Task description -> Pictures must not appear in the copy. Set down exactly the line with "Die Landschaft unterwegs" and each line after it through the end of the data below.

++++ Dataset section ++++

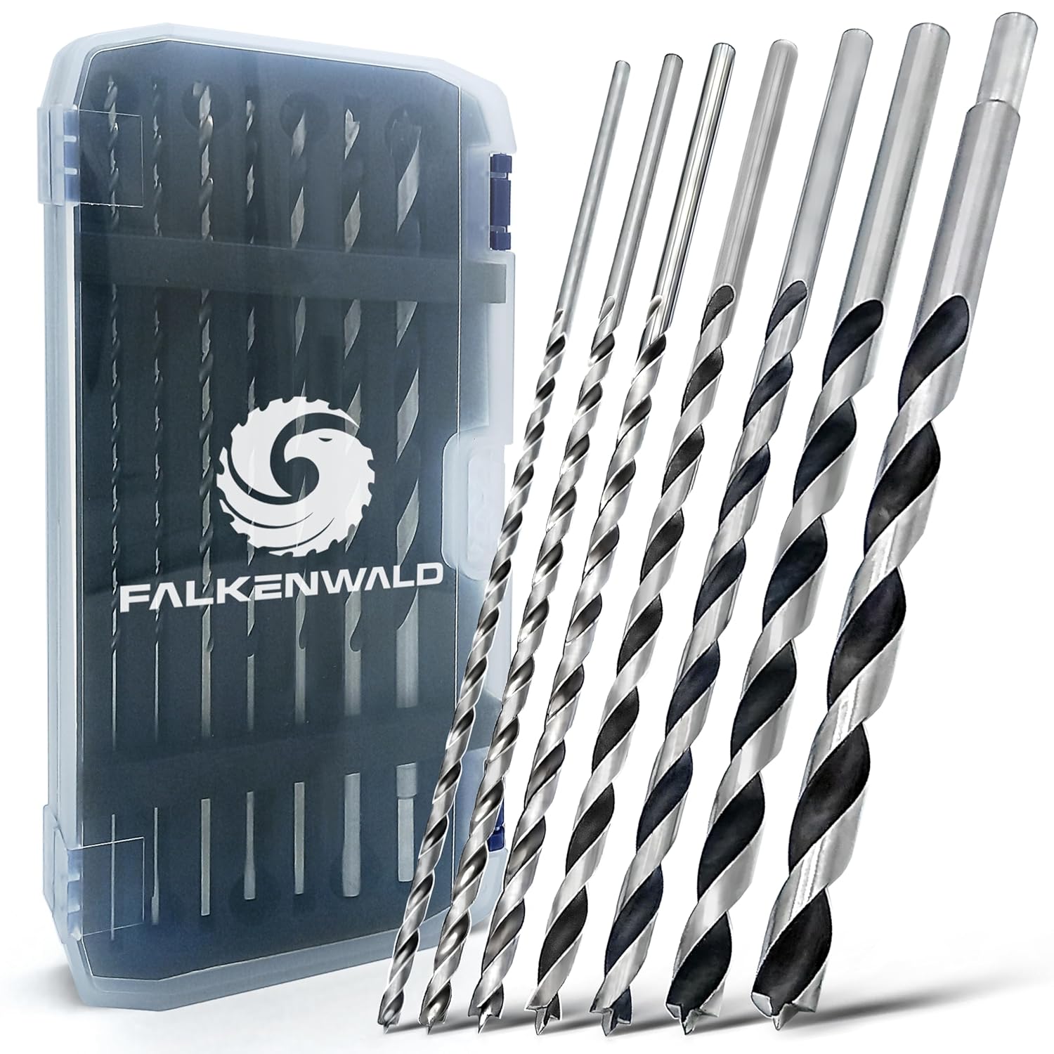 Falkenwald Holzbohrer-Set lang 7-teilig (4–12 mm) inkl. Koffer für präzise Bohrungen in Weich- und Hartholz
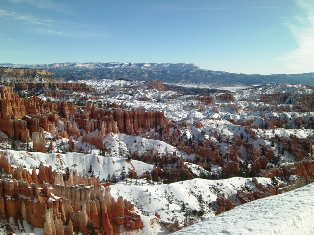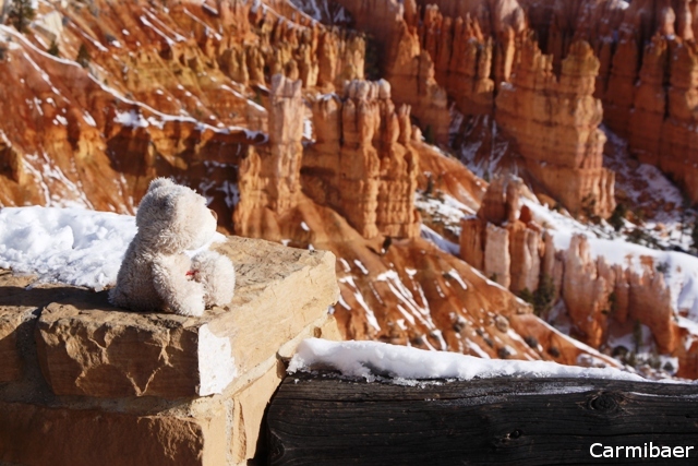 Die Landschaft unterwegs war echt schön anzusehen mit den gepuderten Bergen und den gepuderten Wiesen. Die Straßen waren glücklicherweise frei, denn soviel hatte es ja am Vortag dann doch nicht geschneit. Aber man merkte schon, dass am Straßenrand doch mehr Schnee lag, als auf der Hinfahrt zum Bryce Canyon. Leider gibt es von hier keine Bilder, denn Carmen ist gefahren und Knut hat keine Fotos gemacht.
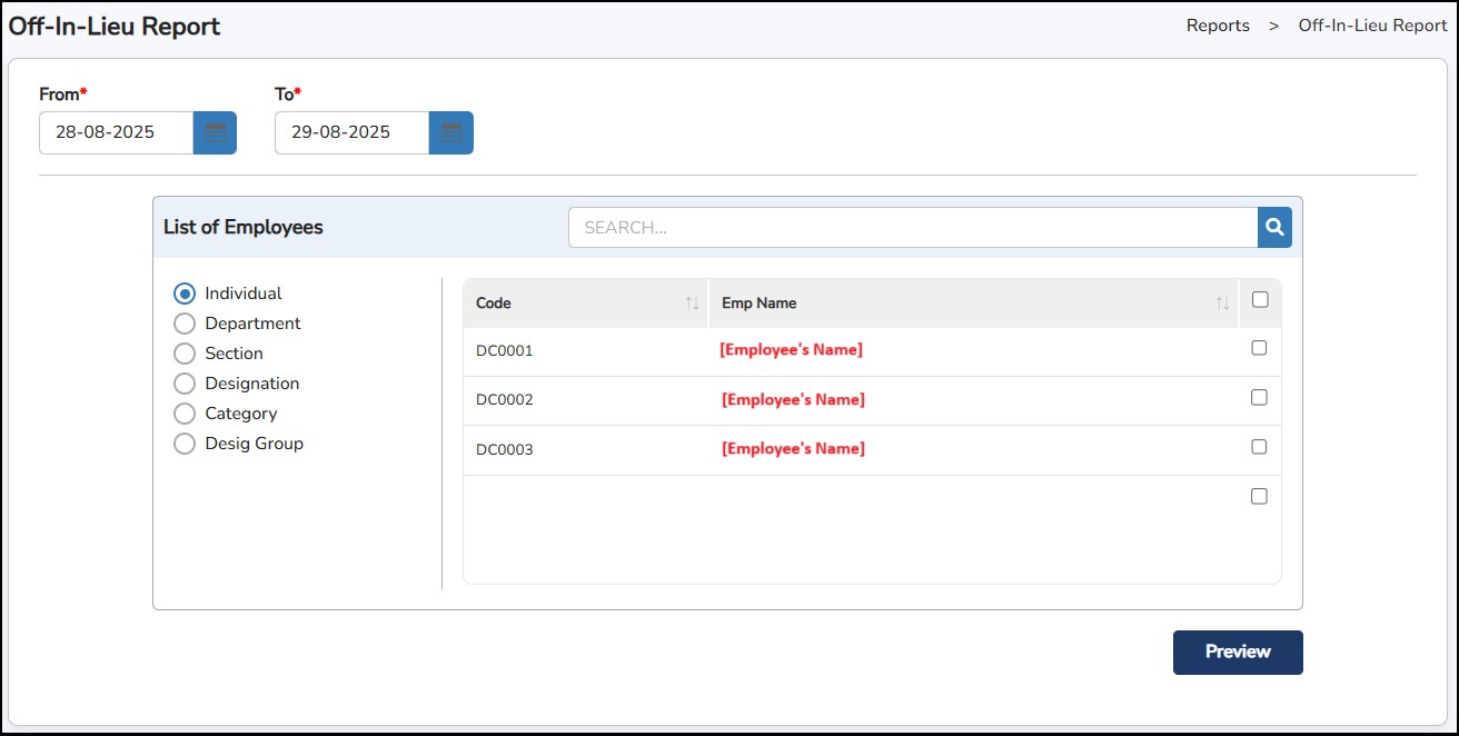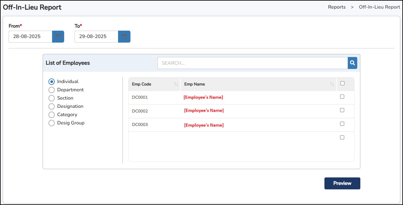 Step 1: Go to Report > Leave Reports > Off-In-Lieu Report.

++++

Output for this exercise ->
 Die Landschaft unterwegs war echt schön anzusehen mit den gepuderten Bergen und den gepuderten Wiesen. Die Straßen waren glücklicherweise frei, denn soviel hatte es ja am Vortag dann doch nicht geschneit. Aber man merkte schon, dass am Straßenrand doch mehr Schnee lag, als auf der Hinfahrt zum Bryce Canyon. Leider gibt es von hier keine Bilder, denn Carmen ist gefahren und Knut hat keine Fotos gemacht.
 Step 1: Go to Report > Leave Reports > Off-In-Lieu Report.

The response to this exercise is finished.